The problem of poverty is one of the fundamental concerns of every government. The Raskin  program is one of the government's programs. The Raskin scheme has the aim of minimizing the burden on poor households in the form of assistance to improve food security by providing social protection. The purpose of this study is to find the highest accuracy among the predictive classification algorithms proposed by Raskin beneficiaries using python machine learning tools and implemented through a website. Classification is a data mining method that determines categories in data groups to support more accurate predictions and analysis. Therefore, three machine learning classification algorithms such as, support vector machine, naive bayes and random forest, were used in this experiment. to determine recipients of Raskin assistance. The experiment was carried out using the Raskin dataset, Gunungparang Village, Sukabumi City, which was sourced from Gunungparang Village. The performance of the classification algorithm is evaluated by various metrics such as Precision, Accuracy, F-Measure, and Recall. Accuracy is measured by correctly and incorrectly grouped samples. The results obtained show that the random forest classification algorithm has precision, recall, f-measure values with a value of 97%, an accuracy value of 97.26% and an ROC value of 0.970, better than other classification algorithms, namely the difference of 5.11% with the support vector classification algorithm. machine and 8.87% with naive bayes classification algorithm. Very good accuracy is used as a reference for algorithm performance if the number of False Negatives and False Positives is close. These results were proven accurately and systematically using Receiver Operating Characteristics (ROC).

Downloads

Download data is not yet available.

Referensi

ALMAHADEEN, L., AKKAYA, M. dan SARI, A., 2017. Mining Student Data Using CRISP- DM Model. International Journal of Computer Science and Information Security.

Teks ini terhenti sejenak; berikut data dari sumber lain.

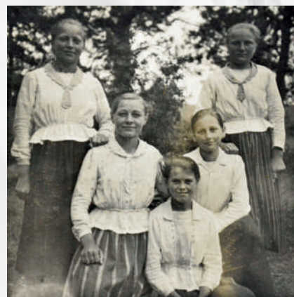
Žiačky v školskom roku 1935/1936 v Brezanoch.
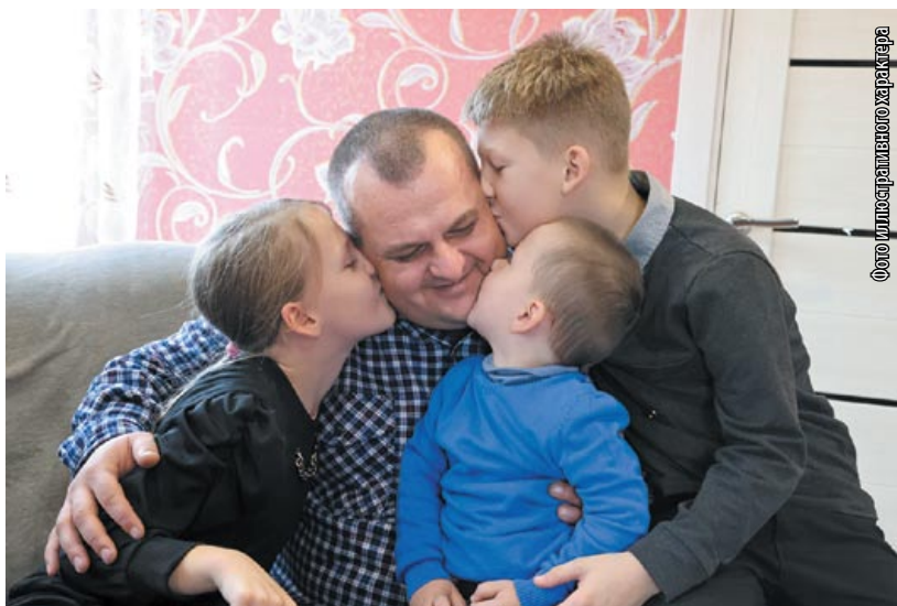
Фото иллюстративного характера

Семья как социальный конструкт представляет собой выделенное пространство, которое определено для нее социальной системой. Семья, будучи составной частью социальной реальности, является образованием, значимость которого превышает размеры ее внутренней структуры. Это структурный элемент сообщества, обеспечивающий наиболее оптимальное и эффективное функционирование в социуме. Семья как социальный конструкт описывается на основе анализа социально-экономической и культурной реальности общества. Воспроизводство семьи в любом обществе одновременно организуется, контролируется и совершенствуется посредством процедур, направленных на нейтрализацию ее непредсказуемости. Речь идет о процедурах запрета (к примеру, табу на инцест и кровосмесительные браки), разграничение нормального и аномального (к примеру, посредством выработки социальными службами и системой образования образца для подражания – модели «благополучной» семьи). Модель семьи рассматривается как система повторяющихся внутри нее событий, которые обусловлены образ-
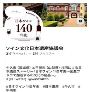
【Facebook】ワイン文化日本遺産協議会
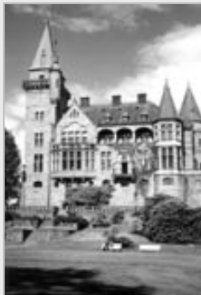
Teleborgs slott i Växjö.

KAF's kansli: Västra Boulevarden 13 291 80 Kristianstad tel 044 - 13 51 52 fax 044 - 12 84 49 www.kafinfo.nu
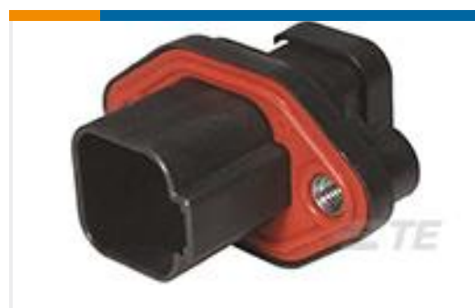
TE 产品编号DT04-6P-CL09 REC, 6P, BLK, E, CAP, FLANGE
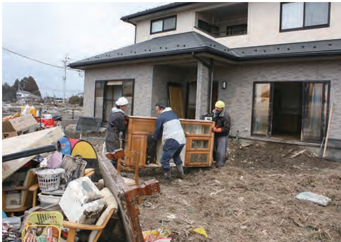
家屋の整理
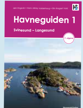
Svinesund - Langesund kr 848
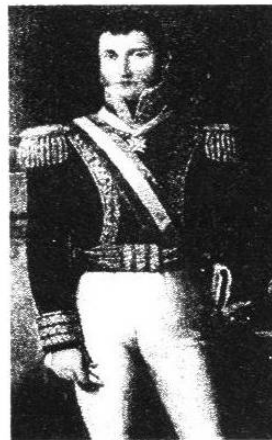
Agustín de Iturbide. Enciclopedia Hispánica

preeminencia de la Iglesia católica. El apoyo de los grupos sociales dominantes permitió a Iturbide hacerse dueño del país con facilidad; el último virrey español, Juan O'Donojú, sin fuerza militar que oponer, no pudo más que negociar el Tratado de Córdoba (1821), por el que reconocía la independencia de México como una monarquía a cuyo frente se pondría un príncipe de la Casa de Borbón. Sin embargo, el rechazo de los Borbones para aceptar el Trono mexicano hizo que las Cortes de aquel país nombraran una regencia de cinco miembros encabezada por Iturbide. Posteriormente sería proclamado emperador de México con el nombre de Agustín I (1822), al no reconocer el gobierno español el Tratado de Córdoba. La política imperial se encaminó a consolidar el poder y la pompa de la nueva monarquía, al tiempo que intentaba sin éxito extender su dominio hacia Centroamérica. Quiso liquidar su continua confrontación con la oposición liberal y republicana disolviendo el Congreso en 1822, lo que provocó un levantamiento militar contra él, encabezado por Santa Anna. Iturbide hubo de dimitir (1823) y se formó un régimen republicano federal. Desterrado en Italia, regresó a su país para ofrecerse a combatir ante la inminente llegada de una expedición de reconquista española; pero las autoridades republicanas interpretaron su regreso como un intento de recuperar el poder, le acusaron de traición y le hicieron fusilar. [PH, 32]
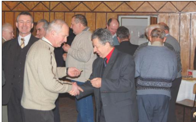
Pszczelarze tradycyjnie przelamali się oplatkiem

pszczelich, a także pomagają w zorganizowaniu Pielgrzymek Pszczelarzy z terenu województwa podkarpackiego do Sanktuarium Matki Bożej Pocieszenia w Leżajsku, które odbywają się 7 grudnia, w dniu święta pszczelarzy św. Ambrożego.
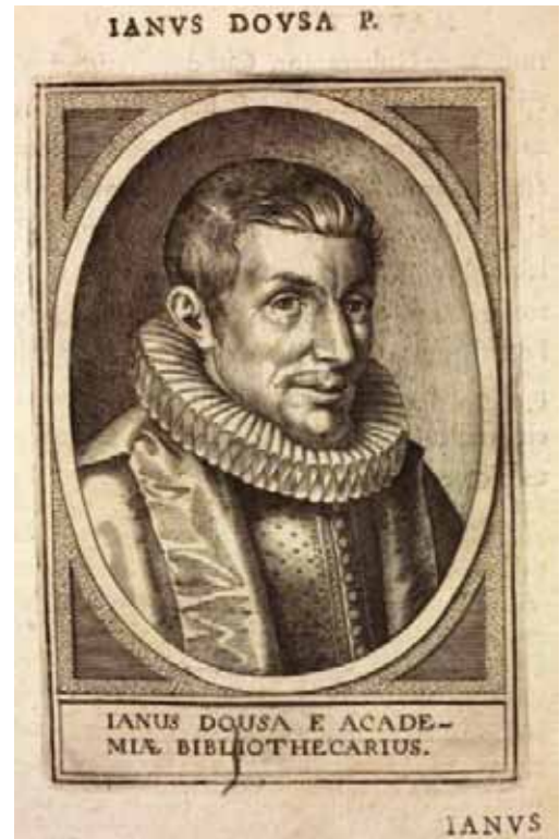
Jan van der Does (Janus Dousa).

ALWIDIAN, J., HAMMO, B.H. dan OBEID, N., 2018. WCBA: Weighted classification based on association rules algorithm for breast cancer disease. Applied Soft Computing Journal, [daring] 62, hal.536–549. https://doi.org/10.1016/j.asoc.2017.11.013.

ANDRIAWAN, Z.A., PURNAMA, S.R., DARMAWAN, A.S., RICKO, WIBOWO, A., SUGIHARTO, A. dan WIJAYANTO, F., 2020. Prediction of Hotel Booking Cancellation using CRISP-DM. ICICoS 2020 - Proceeding: 4th International Conference on Informatics and Computational Sciences, hal.0–5. https://doi.org/10.1109/ICICoS51170.2020.9299011.

APRILIAH, W., KURNIAWAN, I., BAYDHOWI, M. dan HARYATI, T., 2021. Prediksi Kemungkinan Diabetes pada Tahap Awal Menggunakan Algoritma Klasifikasi Random Forest. Sistemasi, 10(1), hal.163. https://doi.org/10.32520/stmsi.v10i1.1129.

ARIA, M., CUCCURULLO, C. DAN GNASSO, A., 2021. A comparison among interpretative proposals for Random Forests. Machine Learning with Applications, [daring] 6(June), hal.100094. https://doi.org/10.1016/j.mlwa.2021.100094.

BARROS, R., PERES, A., LORENZI, F., KRUG WIVES, L. dan HUBERT DA SILVA JACCOTTET, E., 2018. Case law analysis with machine learning in Brazilian court. Lecture Notes in Computer Science (including subseries Lecture Notes in Artificial Intelligence and Lecture Notes in Bioinformatics), 10868 LNAI, hal.857–868. https://doi.org/10.1007/978-3-319-92058-0_82.

BUNKER, R.P. dan THABTAH, F., 2019. A machine learning framework for sport result prediction. Applied Computing and Informatics, [daring] 15(1), hal.27–33. https://doi.org/10.1016/j.aci.2017.09.005.

CASTRO R., L.F., ESPITIA P., E. dan MONTILLA, A.F., 2018. Applying CRISP-DM in a KDD process for the analysis of student attrition. Communications in Computer and Information Science, 885, hal.386–401. https://doi.org/10.1007/978-3-319-98998-3_30.

CONTRERAS, Y., VERA, M., HUÉRFANO, Y., VALBUENA, O., SALAZAR, W., VERA, M.I., BORRERO, M., BARRERA, D., HERNÁNDEZ, C., MOLINA, Á.V., MARTÍNEZ, L.J., SÁENZ, F., VIVAS, M., SALAZAR, J. dan GELVEZ, E., 2018. Digital processing of medical images: Application in synthetic cardiac datasets using the CRISP_DM methodology. Revista Latinoamericana de Hipertension, 13(4), hal.310–315.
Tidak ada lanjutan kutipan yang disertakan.